Como tantas veces, en los últimos meses se apeló al reiterado recurso de bajar el precio del dólar para que la inflación ceda. En el curso de ese proceso, el precio del dólar en nuestro país se divorció de cualquier canasta de monedas relevantes que se quiera considerar, y ese divorcio se expresa en varios pesos uruguayos por dólar. Se lo hizo por medio de una política monetaria extremadamente contractiva y a destiempo, con el agregado monetario relevante creciendo entre 1% y 3% anual. Y manteniéndose esa meta para este cuarto trimestre en el que será imposible de ser cumplida, por más que se apriete: parecería que el BCU no estuviera viendo la desaceleración que se viene dando con firmeza desde hace varios meses en la velocidad de circulación del dinero.

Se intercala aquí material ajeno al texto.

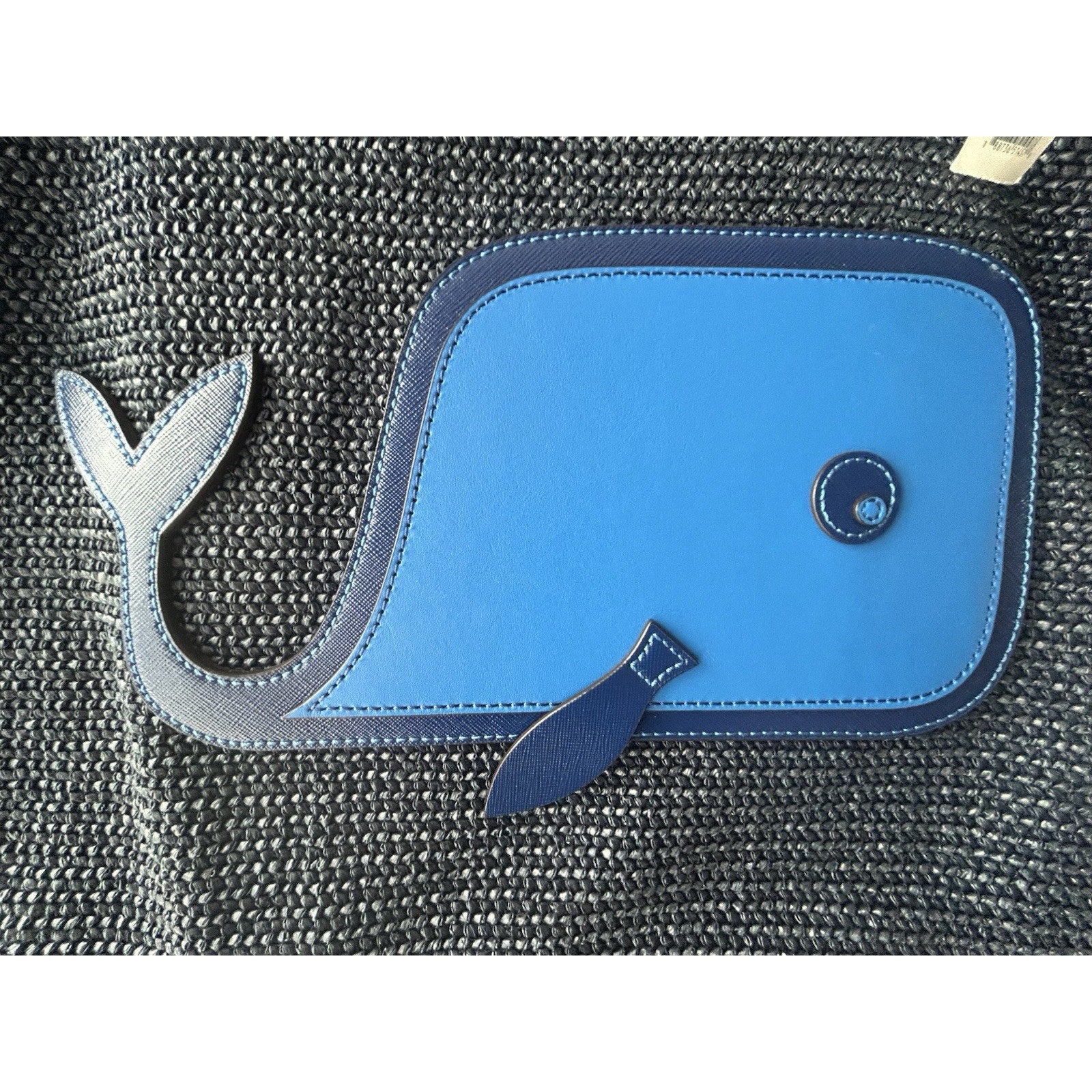 This is a large Tory Burch Knotted Whale Tote handbag in navy blue, ideal for beach or pool vacations. It features ivory double handles with a 12" drop, a canvas and leather exterior, gold hardware, and a blue canvas lining. The tote has a nautical theme with a knotted whale design, inner pockets, and is lightweight and foldable.

Entre marzo y octubre el dólar bajó 12,5% mientras que la inflación subyacente se redujo en 2,8 puntos porcentuales. El fuerte deterioro del tipo de cambio real es el precio que se está pagando por reducir la inflación de este modo, con políticas inconsistentes entre sí y con el signo opuesto al que deberían tener. En esos siete meses se perdió en materia de tipo de cambio real con fuera de la región, lo mismo que se había ganado en tres años.

Cuenta corriente.

Mientras tanto, el déficit de la cuenta corriente de la balanza de pagos se reduce a pasos agigantados, ubicándose actualmente en torno a 1% del producto. Con el déficit fiscal estabilizado en los últimos dos años, todo el esfuerzo del ajuste ha sido del sector privado, que de desahorrar ha pasado a ahorrar significativamente. Y este panorama de ahorro privado positivo podría revertirse de mantenerse previsible la debilidad del dólar. Con el dólar a 28 pesos, los ingresos son más altos en dólares que con el dólar a 33 y de ese modo se abaratan en términos del ingreso, los bienes importados y en particular los durables (autos, electrodomésticos).

Sin embargo, ello no ocurriría si los consumidores no vieran como permanente la debilidad del dólar. Lo sucedido con éste tras el triunfo electoral de Trump, parece abonar esta idea, lo que sería, de concretarse, una amenaza sobre la "primaverita" que se estaba empezando a disfrutar.